We all know the impacts of divorce and that divorce is rising.  Paul Amato is a professor at Pennsylvania State University and author of The Impact of Family Formation Change on Cognitive, Social and Emotional Well Being of the Next Generation, talks about the negative effects divorce has on children.   He points out that is especially hard on boys and that children are better off if the divorced parents can find a way to successfully co-parent. This isn’t new information, we know we are better in healthy families.   No one starts a marriage hoping for divorce.

Elder Dallin H Oaks in an article printed in the May 2007 Ensign simply titled, Divorce, points out that, “a good marriage does not require a perfect man or woman.
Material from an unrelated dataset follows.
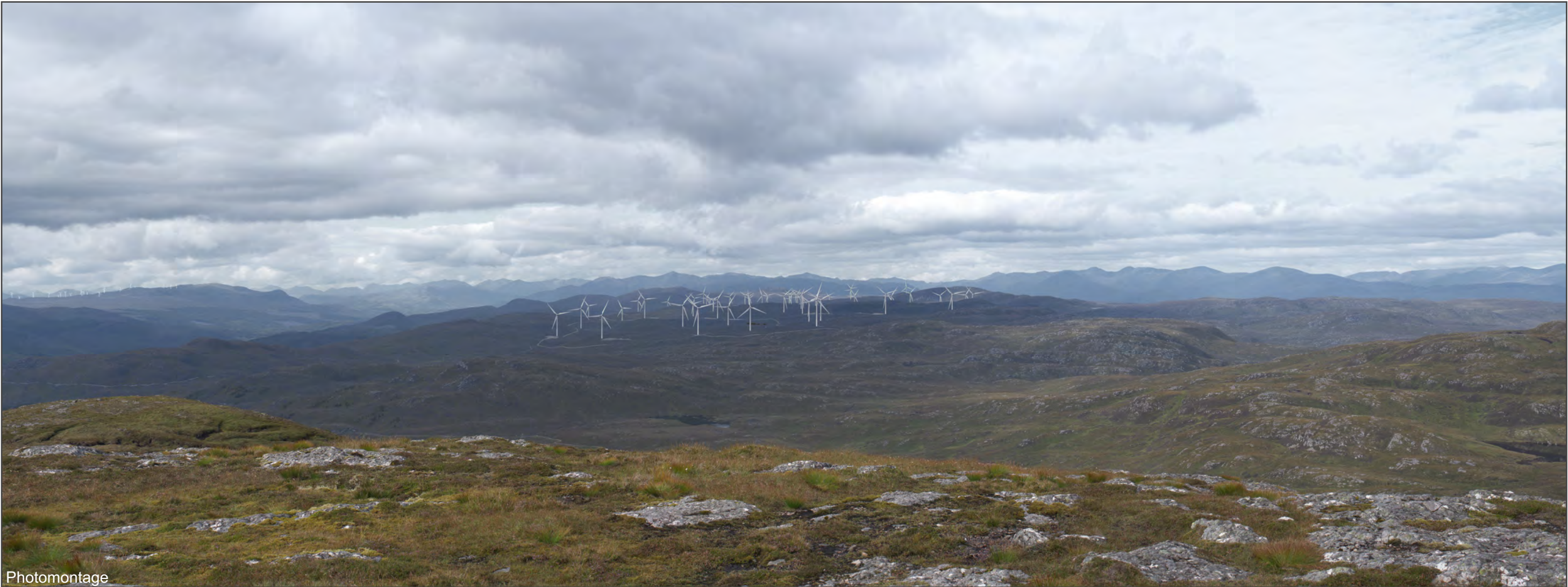
FIGURE 8.37.2 - VP3: Meall Fuar-mhonaidh

OS reference: 245699 E 822202 N Nearest visible turbine: 4.9km Ground level: 697.3m AOD Direction of view: 260.9° Camera: Sony A7RIII ILCE-7RM3 Focal length: 50mm vertical (27°) x 28mm horizontal (65.5°) Camera height: 1.5m Date: 03/04/2021 Time: 11:42 Drawing No. - 119009-D-8.37.2-3-2.0.0 Date - 06/08/2021

It only requires a man and woman committed to strive together toward perfection.”  He also notes in that same article that “two out of three unhappily married adults who avoid divorce reported being happily married five years later.”     THANK HEAVENS!   I don’t have to be a prefect wife to make my marriage work.  I will never be prefect.  I just have to never quit trying, never give up and get lost on the trail.

One of my favorite scriptures comes from the war chapters of the Book of Mormon.  The war in the land had been going on for years and the military leader made this observation, “…. many had become hardened, because of the exceedingly great length of the war; and many were softened because of their afflictions, insomuch that they did humble themselves before God, even in the depth of humility.”(Alma 62:41) 

Professor Carlfred Broderick from USC shared the same idea when talking about those who suffer abusive childhoods, but then break that cycle of abuse and become a transition person in their family tree, “through the grace of God some find the strength to “purge” the poison within themselves, refusing to pass on to the future generations.” (Liahona, 1987) We all have traditions that are less than prefect and we all have the obligation to leave our linage better than we found it. Though neither of these are a direct answer to my question, they both lead to the same idea.  People can experience stressful events, sometimes even the same event, but how they choose to respond makes all the difference. 
           
Why does one sibling become a transitional character and the next a clone of the abuser they loathe?  Why does one marriage experience something as difficult as the death of a child and come through it stronger and the next marriage ends in divorce? 

The difference between falling victim to life or thriving seems to be choice.  Do we choose to harden our hearts or humble ourselves, do we purge the poison or poison the next generation?   How we answer that question will make all the difference for ourselves and our relationships, especially our marriages.